Eurogamers Simon Parkin called Yuri a "strong protagonist" as he is "Old enough to be appealing to any player past their teens, yet flawed enough to be believable, he remains heroic enough to provide the leadership his role requires." Parkin also gave praise to the character's voice acting for making his character more engaging. GameSpots Kevin VanOrd praised the interactions between Yuri and Estelle as "heartfelt" as one of the scenes that helps to further characterize them. Reviewing Tales of Vesperia: The First Strike, John Rose from the Fandom Post praised both Yuri and Flynn's characters as "neither character is simply some cardboard cutout incapable of growth or prevented from having another aspect to their personality and it is in these moments where the characters are able to show off their differences and complexities that the two really shine." Eliot Gay said both "Yuri and Flynn receive full arcs of development that get them to where they need to be by the start of the game. The film doesn't assume you know who either of these two men are and does an impressive job of defining their relationship and opposing views of the Imperial Guard." Anime News Network's Rebecca Silverman commented that both of Yuri's voice actors do a good job at "capturing his character" even though Troy Baker makes it "a little too masculine for his slightly feminine design."

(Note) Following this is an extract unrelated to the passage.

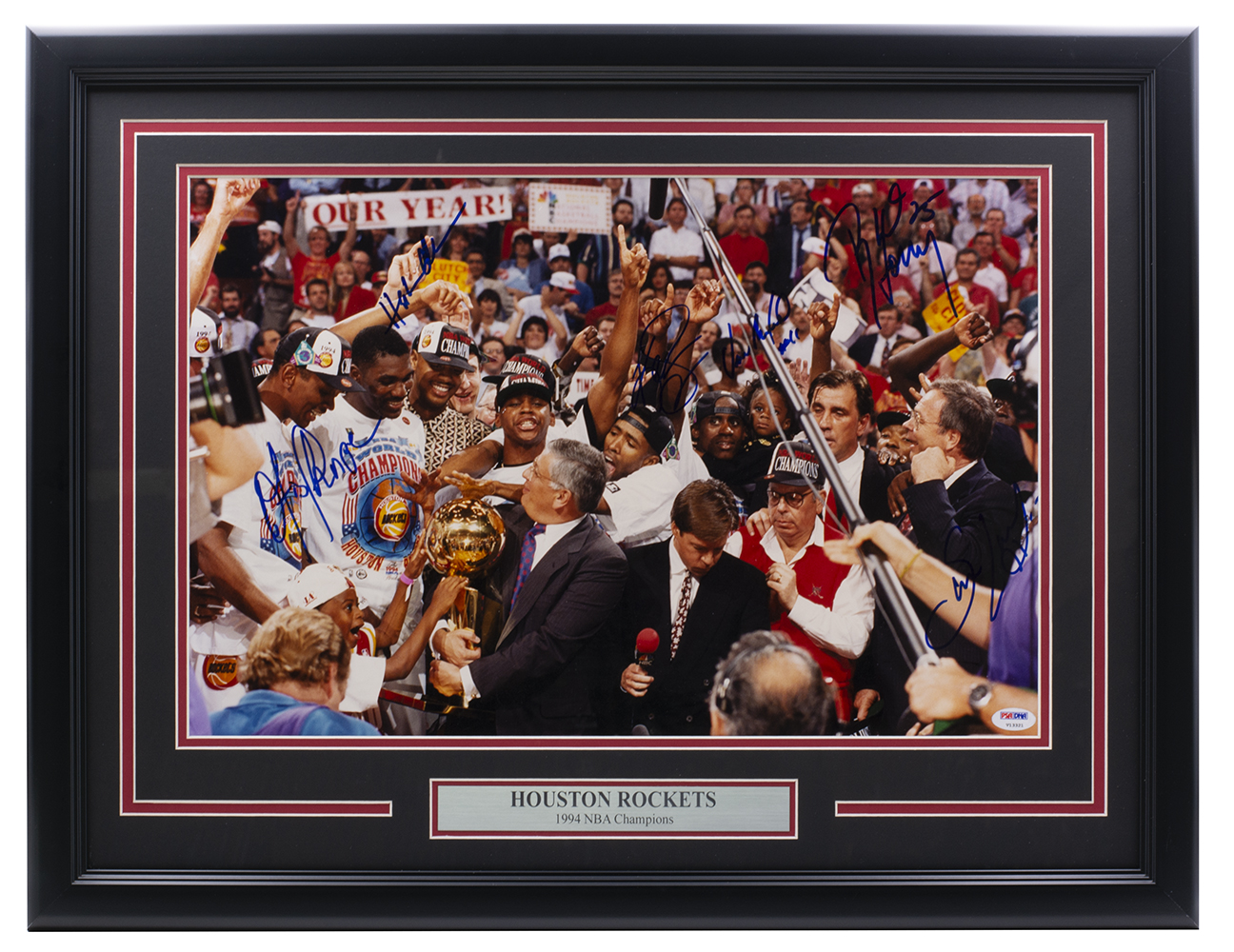 1993-94 Rockets Custom Framed Photo Display Signed by (4) with Otis Thorpe, Sam Cassell, Robert Horry & Hakeem Olajuwon (PSA)

When dedicating an article to the Tales of Vesperia characters RPGFan said Yuri was a beloved protagonist despite his dark actions like killing enemies based on his own principles. However, the writer believed Yuri's characterization softens when meeting Estelle as he becomes kinder when interacting with her. Meanwhile, Yuri was also noted for coming across as a mentor to Karol when it comes to making their guild while Raven comes across as Yuri's opposite due to how selfish the elder man in comparison to the protagonist. Meanwhile, Yuri and Flynn were recognized as one of the game's biggest draws for how important are their values and yet remain as close friends.

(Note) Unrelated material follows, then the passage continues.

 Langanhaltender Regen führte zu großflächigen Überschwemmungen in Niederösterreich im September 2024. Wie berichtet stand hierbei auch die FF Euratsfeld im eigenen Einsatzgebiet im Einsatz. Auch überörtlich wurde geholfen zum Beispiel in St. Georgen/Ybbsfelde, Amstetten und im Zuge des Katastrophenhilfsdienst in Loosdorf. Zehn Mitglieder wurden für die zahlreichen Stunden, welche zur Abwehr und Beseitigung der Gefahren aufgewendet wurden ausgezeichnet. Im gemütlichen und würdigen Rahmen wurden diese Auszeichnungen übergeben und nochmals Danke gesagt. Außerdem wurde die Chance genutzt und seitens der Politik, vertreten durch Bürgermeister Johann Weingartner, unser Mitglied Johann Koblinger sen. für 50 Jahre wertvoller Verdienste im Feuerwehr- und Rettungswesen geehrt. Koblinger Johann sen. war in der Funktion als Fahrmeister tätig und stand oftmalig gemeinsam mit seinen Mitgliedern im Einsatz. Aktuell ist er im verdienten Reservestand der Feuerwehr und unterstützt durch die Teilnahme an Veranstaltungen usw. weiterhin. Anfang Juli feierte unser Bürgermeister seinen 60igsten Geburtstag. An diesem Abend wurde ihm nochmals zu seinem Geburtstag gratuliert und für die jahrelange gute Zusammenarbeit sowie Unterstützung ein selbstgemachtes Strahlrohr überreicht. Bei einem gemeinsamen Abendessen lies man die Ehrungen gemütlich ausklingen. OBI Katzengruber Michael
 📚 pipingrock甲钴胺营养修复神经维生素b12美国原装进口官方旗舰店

Siliconeras Spencer spoke with Tales producer Hideo Baba, commenting how Yuri was quite popular in the west due to how well developed he is as a character. He added "He knows who he is rather than searching for himself like the young "gung ho" JRPG hero archetype." In response Baba commented: "There is a possibility to have another Yuri-style character again, but I think it's important to listen to the fan's voices," Baba responded. "The development team is always creating new worlds and characters, so it's possible to see different kinds of leading characters."